9 comments

  • shaftway 4 hours ago

    I'm insured, but I'm considering dropping insurance for the most likely disaster: earthquakes.

    I'm in CA, and even though I'm not on top of an active fault, I'm close enough to be impacted. When the big one gets here, if it's big enough to affect me, then everyone else will be affected. I don't have any reason to expect them to stay solvent if a third of the CA population files for benefits.

    I've thought about taking the money I pay for earthquake insurance premiums, and instead putting it on polymarket, betting that an earthquake will happen. If it doesn't, then I'm no worse off than I was paying for insurance. If it does, then polymarket just distributes my "winnings".

    Convince me to keep my insurance.

    • Manuel_D 2 hours ago

      The most convincing argument I could make is that the government could step in and keep the insurance agencies solvent. Sort of a too-big-to-fail situation.

    • CobaltFire 4 hours ago

      I won't try because I did something similar. If it happens I can guarantee that the insurance companies won't be solvent.

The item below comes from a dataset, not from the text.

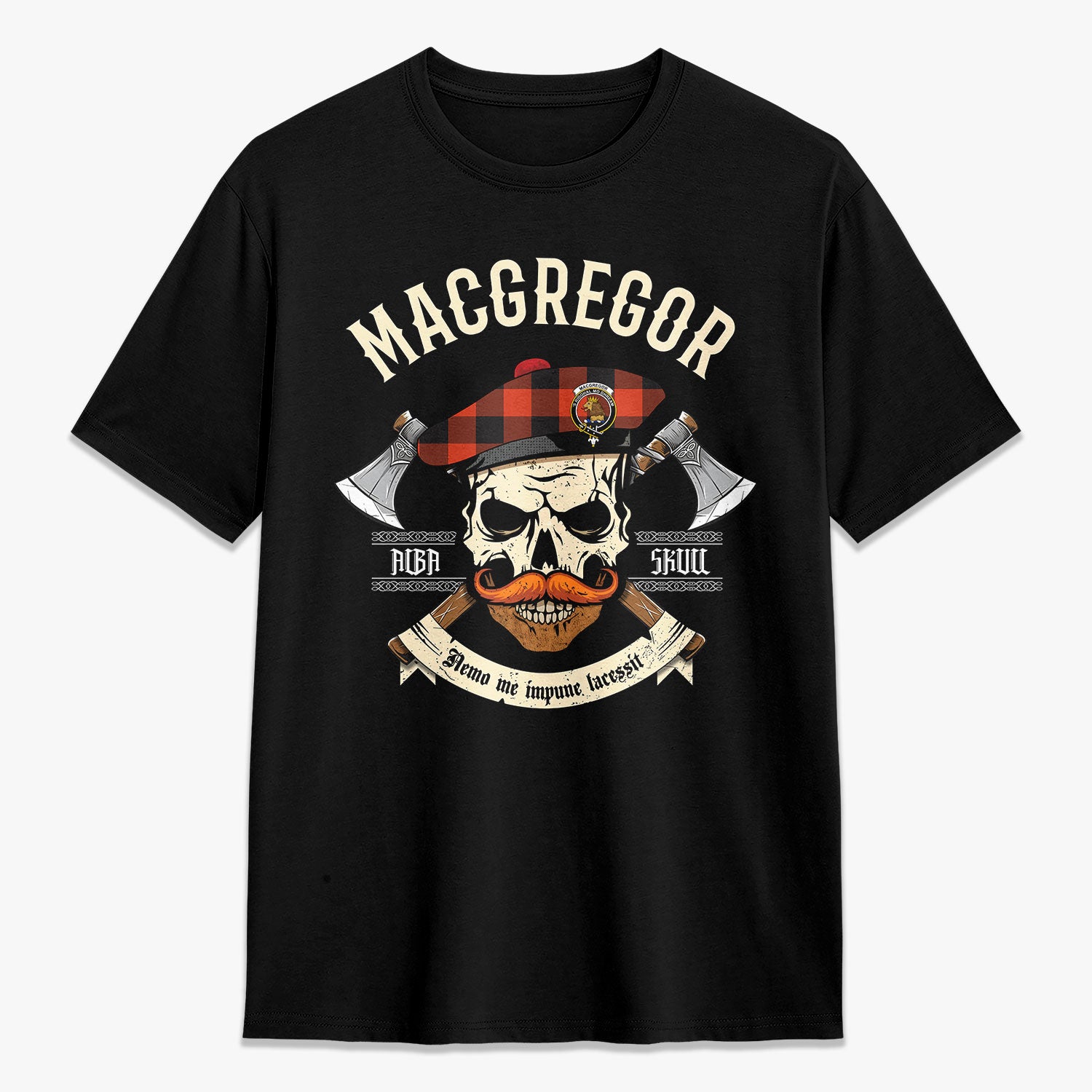 MacGregor Rob Roy Ancient Tartan Crest 2D T-shirt - Alba Skull Style,

      Instead we are focused on investing our money as a form of self-insurance.

      It's kind of like life insurance; term makes sense but whole life doesn't (vs investing the premiums).

      As far as polymarket: I can't say there. I've never used it (though I know what it is).

    • kbelder 3 hours ago

      The issue isn't the big one. The issue is a minor tremor that happens to crack a vital support beam, or cracks a pipe, and causes $25k of damage.

      • ternaryoperator 2 hours ago

        Alas, not. Most policies in California have a 15% deductible. That’s 15% of the insured value of your home. So for nearly all houses, a $25K bill is not covered. California policies are and have always been to cover catastrophic damage.

  • GianFabien an hour ago

    It would be more useful to determine why insurance premiums are rising faster than almost every other homeowner expense. At the same time noting that insurance companies are making massive profits and squandering millions on executive salaries and advertising.

  • AFF87 4 hours ago

    >The homeowners most exposed to climate-driven disasters are, in many cases, the same ones least likely to have insurance when those disasters arrive.

    I wondered whether this is a signal that the insurers don't want to insure for those risks and unsurprisingly there is a Wikipedia page for it! [1]

    [1] https://en.wikipedia.org/wiki/Climate_change_and_insurance_i...

    • cucumber3732842 2 hours ago

      You have to have insurance if you want a mortgage so not having insurance is basically just a proxy for (mostly old) people who own their house outright.

      I would carry a $50k deductible if I could. No insurer I've encountered would let me. I don't really care to insure against anything other than a total loss.